● **MATERIAL SUPPLIED**

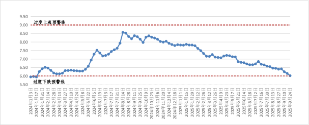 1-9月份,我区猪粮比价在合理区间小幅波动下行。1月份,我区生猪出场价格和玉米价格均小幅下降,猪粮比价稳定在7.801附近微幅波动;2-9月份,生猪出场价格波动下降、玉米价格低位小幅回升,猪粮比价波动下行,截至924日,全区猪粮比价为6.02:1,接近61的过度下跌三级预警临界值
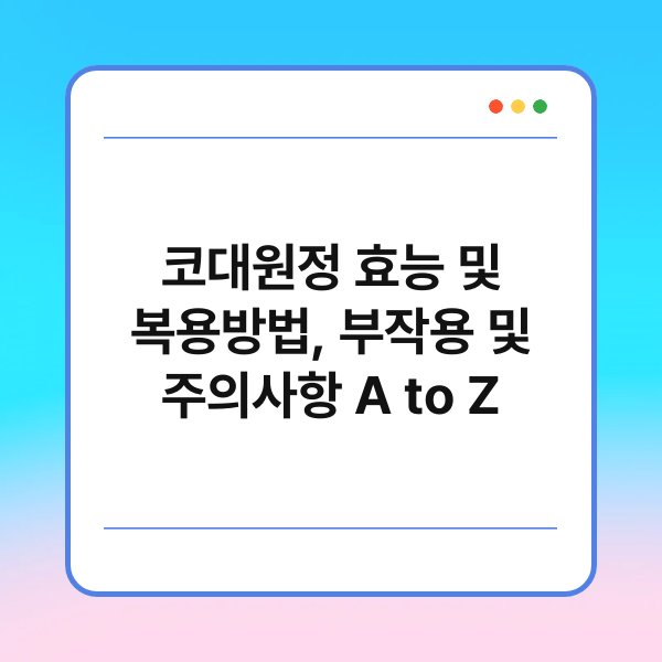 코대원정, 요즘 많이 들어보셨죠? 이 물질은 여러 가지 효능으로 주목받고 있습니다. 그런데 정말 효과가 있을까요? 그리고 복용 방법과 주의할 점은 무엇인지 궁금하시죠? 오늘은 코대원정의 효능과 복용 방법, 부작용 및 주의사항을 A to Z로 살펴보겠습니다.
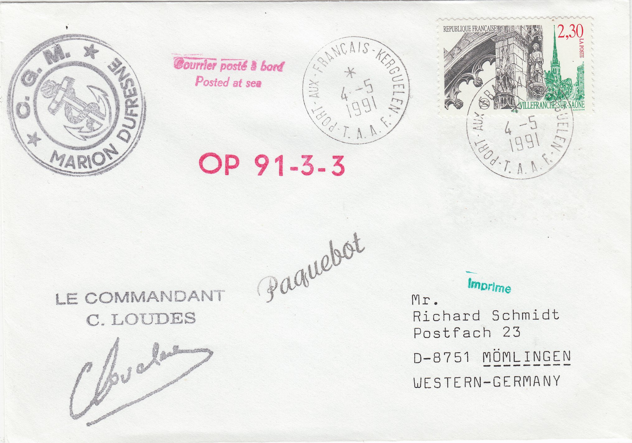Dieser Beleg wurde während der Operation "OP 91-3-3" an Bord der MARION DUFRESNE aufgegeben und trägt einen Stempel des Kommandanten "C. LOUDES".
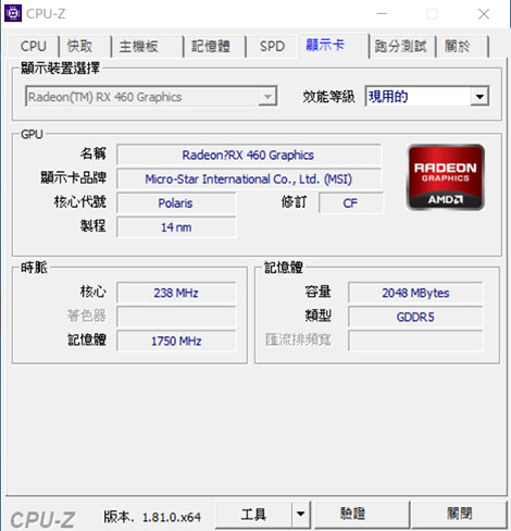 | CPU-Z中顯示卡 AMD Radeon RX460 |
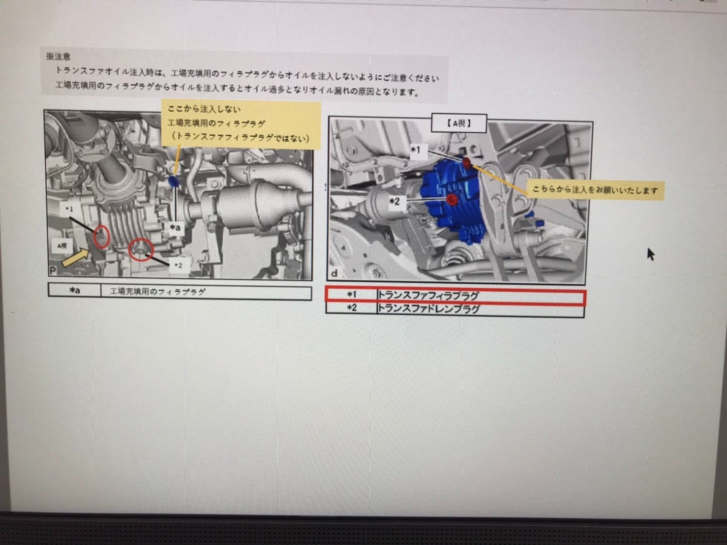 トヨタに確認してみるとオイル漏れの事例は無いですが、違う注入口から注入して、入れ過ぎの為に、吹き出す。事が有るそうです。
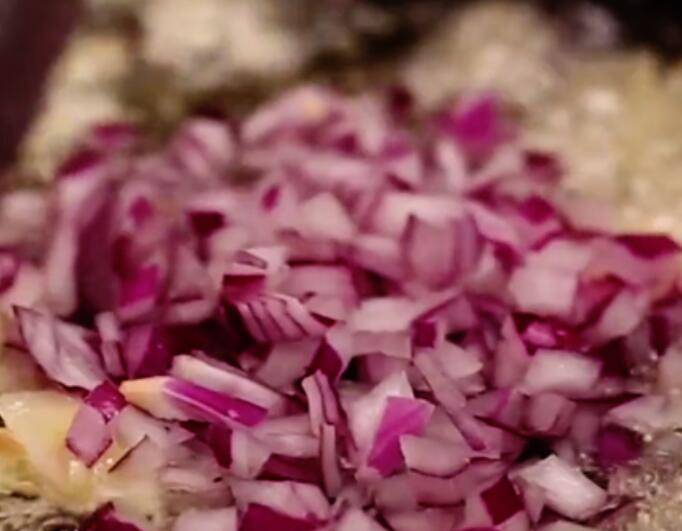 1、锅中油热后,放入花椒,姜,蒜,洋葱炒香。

...

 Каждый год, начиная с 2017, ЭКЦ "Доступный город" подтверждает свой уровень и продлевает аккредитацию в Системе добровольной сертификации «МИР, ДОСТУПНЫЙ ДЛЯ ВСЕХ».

---

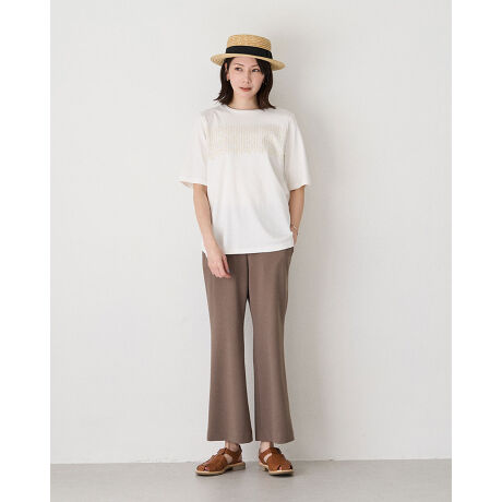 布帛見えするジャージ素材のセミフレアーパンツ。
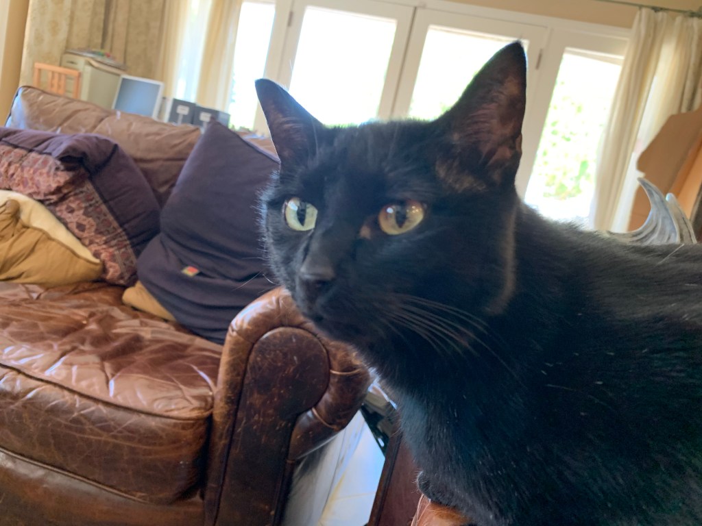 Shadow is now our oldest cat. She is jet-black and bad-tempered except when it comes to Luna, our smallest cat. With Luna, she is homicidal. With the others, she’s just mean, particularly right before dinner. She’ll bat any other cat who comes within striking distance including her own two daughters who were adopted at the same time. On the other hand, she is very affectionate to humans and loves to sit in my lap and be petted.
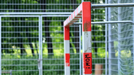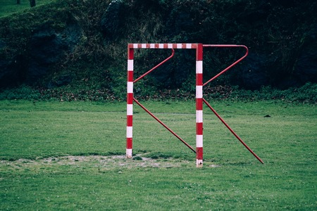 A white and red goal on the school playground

● **ASSIGNMENT**
The answer is the lines above from the one with "トヨタに確認してみるとオイル" to the one with "1、锅中油热后,放入花椒,姜,蒜,洋葱炒香。", set down exactly, with no pictures.

● **RESPONSE**
 トヨタに確認してみるとオイル漏れの事例は無いですが、違う注入口から注入して、入れ過ぎの為に、吹き出す。事が有るそうです。
 1、锅中油热后,放入花椒,姜,蒜,洋葱炒香。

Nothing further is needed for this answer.